Eiser kan zich hiermee niet verenigen. Daartoe heeft hij onder meer aangevoerd dat hij in de periode in geding slechts een zogenaamde nulbeurs had en dus feitelijk geen studiefinanciering heeft ontvangen. Uit het bepaalde in artikel 3.17, zevende lid, van de Wsf 2000 volgt dus dat wegens het ontbreken van ontvangsten ook niets behoeft te worden terugbetaald.

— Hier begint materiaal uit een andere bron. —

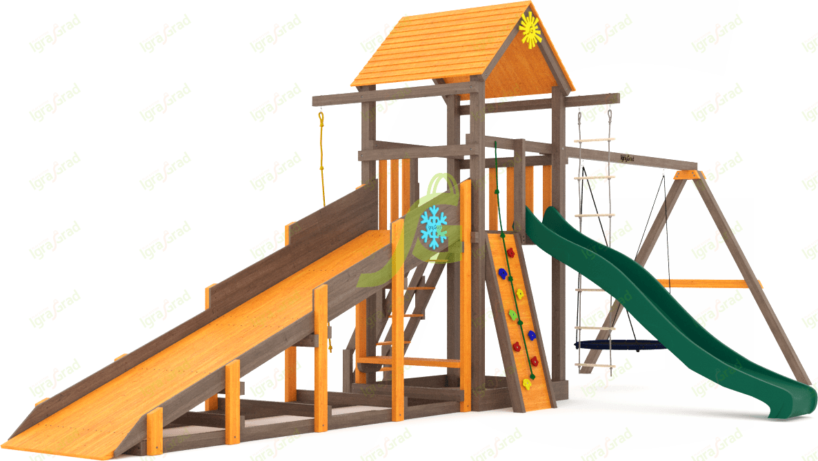 Всесезонная площадка С Нест SF2 - это комплекс для детей от 3 до 12 лет, который позволяет играть на свежем воздухе круглый год. Главная особенность этой модели - наличие двух горок, одна из которых предназначена для использования в холодное время года. На этой площадке ваш ребенок найдет множество активностей: башня с деревянной лестницей, волновой спуск длиной 3 метра, скалодром с камнями для развития ловкости. Качельный модуль включает качели-гнездо диаметром 100 см, где можно качаться одному или с другом. Дополнительно есть веревочная лестница и канат с тремя узлами для тренировки силы и координации. В основании башни предусмотрена песочница. Площадка изготовлена из клееного бруса 90х90 мм, который устойчив к деформациям и перепадам температур. Все деревянные элементы обработаны специальной пропиткой, защищающей от влаги и ультрафиолета. Крепеж выполнен из оцинкованной стали, что предотвращает коррозию. Конструкция соответствует требованиям ГОСТ, обеспечивая безопасность во время игр. Мы доставляем площадки по всей России, до терминала транспортной компании в вашем городе - бесплатно. Сборка занимает 1-2 дня, вы можете собрать комплекс самостоятельно, используя подробное руководство. Если вы предпочитаете доверить эту работу профессионалам, наши мастера соберут площадку на вашем участке. Услуга сборки оплачивается дополнительно.

De rechtbank overweegt het volgende.
Niet in geschil is dat, indien met bedoelde inkomsten rekening wordt gehouden, eisers verdiensten de vrije voet van
ƒ 20.077,20 overschrijden. Evenmin is de hoogte van die overschrijding in discussie. Wel bestaat verschil van inzicht over de uitleg van de term "ontvangen beurs" in artikel 3.17, zevende lid, sub a, van de Wsf 2000. De rechtbank volgt de uitleg van verweerster dat van "ontvangen" al sprake is indien recht op een beurs is toegekend, doch de uitbetaling door de studerende zelf is uitgesteld. Immers, indien eisers uitleg wordt gevolgd bestaat de mogelijkheid dat men tijdens de studie tot boven de vrije voet bijverdient en na het behalen van het diploma alsnog de beurs geheel laat uitbetalen.
Het voorgaande leidt tot ongegrondverklaring van eisers beroep.
Uit hetgeen verweerster ter zitting nog naar voren heeft gebracht begrijpt de rechtbank overigens dat een incasso van de vordering pas aan de orde is als na het verstrijken van de termijn waarbinnen het diploma moet worden behaald nog sprake blijkt te zijn van recht op uitbetaling van (een deel van) de beurs.
De rechtbank ziet geen aanleiding voor een proceskostenveroordeling als bedoeld in artikel 8:75, eerste lid, van de Algemene wet bestuursrecht.
III. BESLISSING
De rechtbank Rotterdam,
-verklaart het beroep ongegrond.
Aldus gegeven door mr. A.P. Hameete, rechter, en door deze en C. Groenewegen, griffier, ondertekend.
De griffier, De rechter,
Uitgesproken in het openbaar op:
Afschrift verzonden op:
Tegen deze uitspraak kan een belanghebbende beroep instellen. Het instellen van het beroep geschiedt door het indienen van een beroepschrift bij de Centrale Raad van Beroep, Postbus 16002, 3500 DA Utrecht, binnen zes weken na dagtekening van verzending van deze uitspraak.